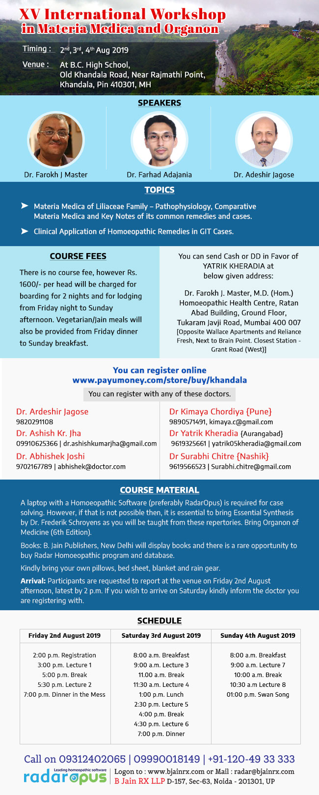 Course material: A laptop with a Homoeopathic Software (preferably Radar) is required for case solving. However, if that is not possible then, it is essential to bring Essential Synthesis by Dr Frederik Schroyens as you will be taught from these repertories. Bring the Organon of Medicine (6th Edition).
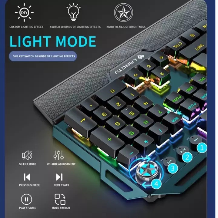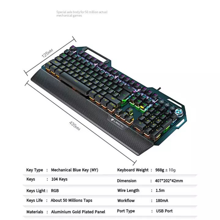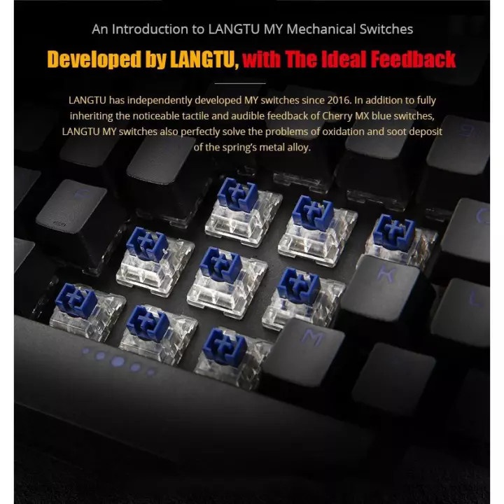 YINDIAO K100 Mechanical Keyboard Rainbow Backlit Full 104-Key With LANGTU MX Switch
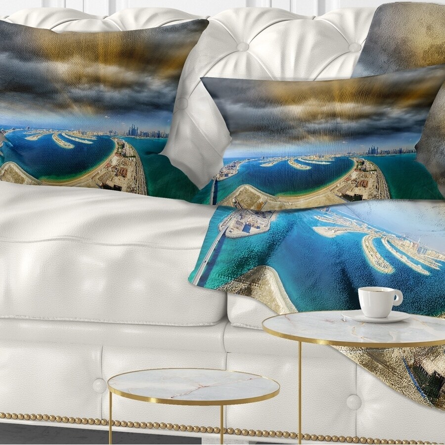 Designart 'Dubai Jumeirah Palm Aerial View' Seascape Throw Pillow
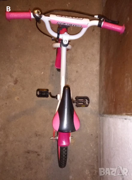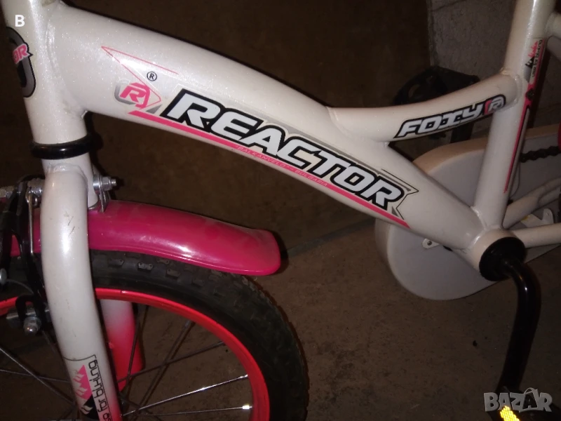 В добро състояние. Забелележка: следи от изстриване на боята в задната част на седалката. REACTOR Foxy Girl с помощни колела. Подходящо за 5-8 години, 16 цола. Звънец, предна спирачка, задна контра.
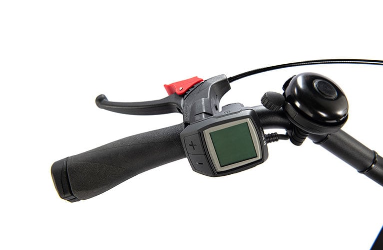 The three-wheeled design provides a lower center of gravity and a wider stance than a traditional bicycle, making it less likely to tip over. A low step through design allows the rider to easily mount and dismount without swinging legs over a high bar. The trike includes a front V-Brake with parking brake and rear coaster brake. Front and rear lights are powered by the motor battery.
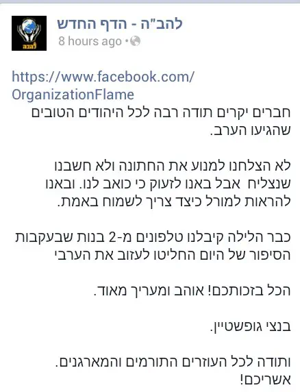ההפגנה אתמול לא הייתה אלימה ואף אחד לא חשב שהיא זאת שתמנע את החתונה הזאת, אלא זה היה נגד החתונות הבאות שח"ו יהיו. וכבר אתמול הגיעו ללהב"ה פניות מ-2 נערות שבעקבות ההפגנה אתמול רוצות לנתק את הקשר שלהן עם בני זוגן הערבים.
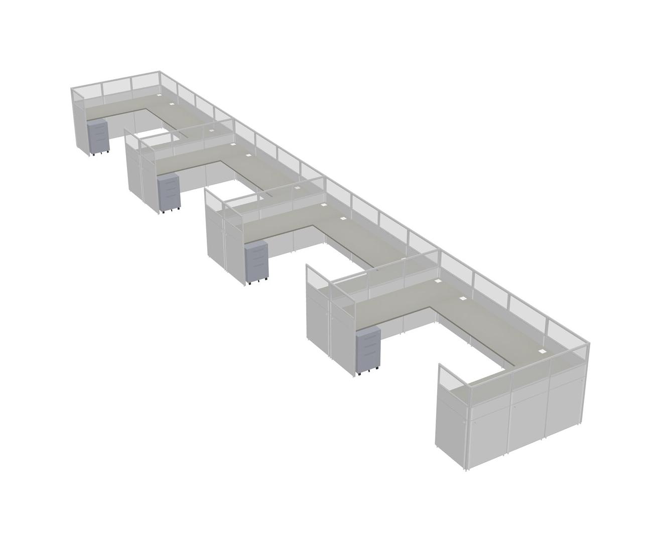 Système De Panneaux En U Grey Shadows Pour 4 Personnes + Tiroirs Mobiles En Métal Pour 4 Utilisateur(s)
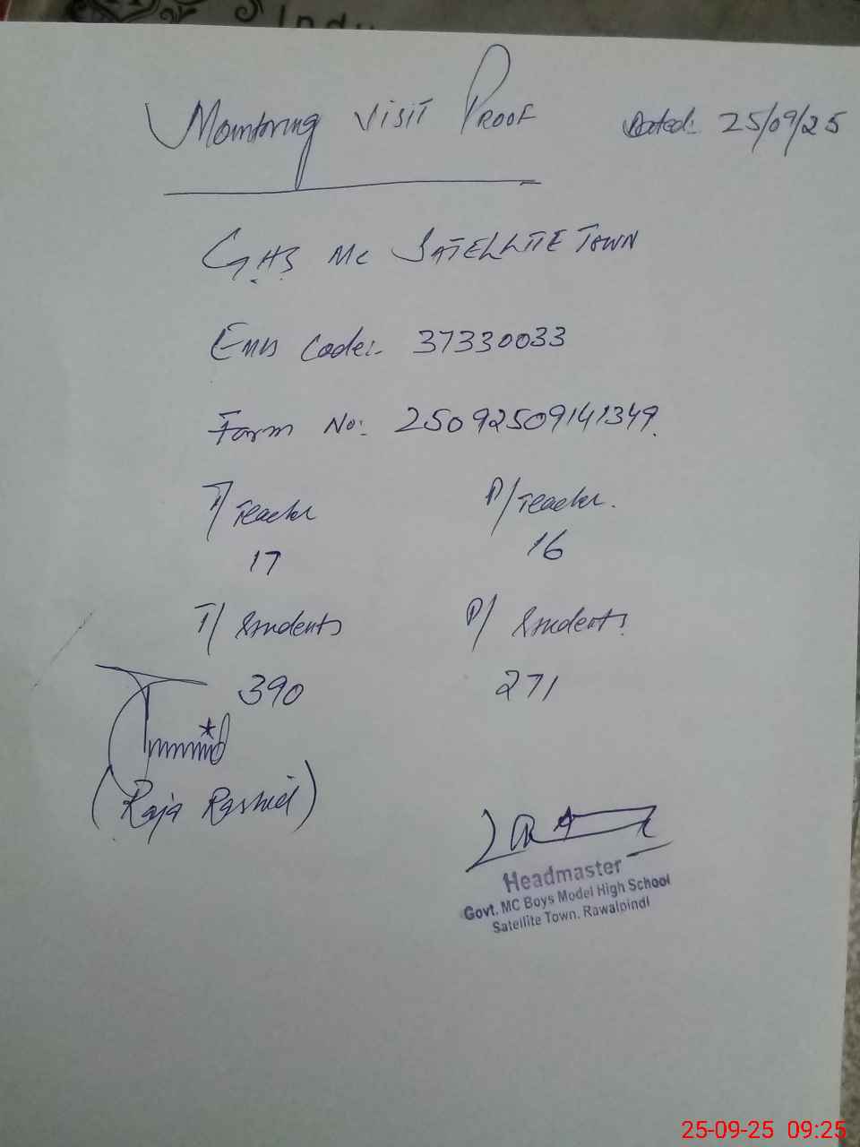 | EMIS Code: 37330033 | Name of School: GHS MC SATELLITE TOWN | |||

*Task requirements*
The records are to be duplicated in full and exactly, with images left out.

*Response for this exercise*
 Course material: A laptop with a Homoeopathic Software (preferably Radar) is required for case solving. However, if that is not possible then, it is essential to bring Essential Synthesis by Dr Frederik Schroyens as you will be taught from these repertories. Bring the Organon of Medicine (6th Edition).
 YINDIAO K100 Mechanical Keyboard Rainbow Backlit Full 104-Key With LANGTU MX Switch
 Designart 'Dubai Jumeirah Palm Aerial View' Seascape Throw Pillow
 В добро състояние. Забелележка: следи от изстриване на боята в задната част на седалката. REACTOR Foxy Girl с помощни колела. Подходящо за 5-8 години, 16 цола. Звънец, предна спирачка, задна контра.
 The three-wheeled design provides a lower center of gravity and a wider stance than a traditional bicycle, making it less likely to tip over. A low step through design allows the rider to easily mount and dismount without swinging legs over a high bar. The trike includes a front V-Brake with parking brake and rear coaster brake. Front and rear lights are powered by the motor battery.
ההפגנה אתמול לא הייתה אלימה ואף אחד לא חשב שהיא זאת שתמנע את החתונה הזאת, אלא זה היה נגד החתונות הבאות שח"ו יהיו. וכבר אתמול הגיעו ללהב"ה פניות מ-2 נערות שבעקבות ההפגנה אתמול רוצות לנתק את הקשר שלהן עם בני זוגן הערבים.
 Système De Panneaux En U Grey Shadows Pour 4 Personnes + Tiroirs Mobiles En Métal Pour 4 Utilisateur(s)
 | EMIS Code: 37330033 | Name of School: GHS MC SATELLITE TOWN | |||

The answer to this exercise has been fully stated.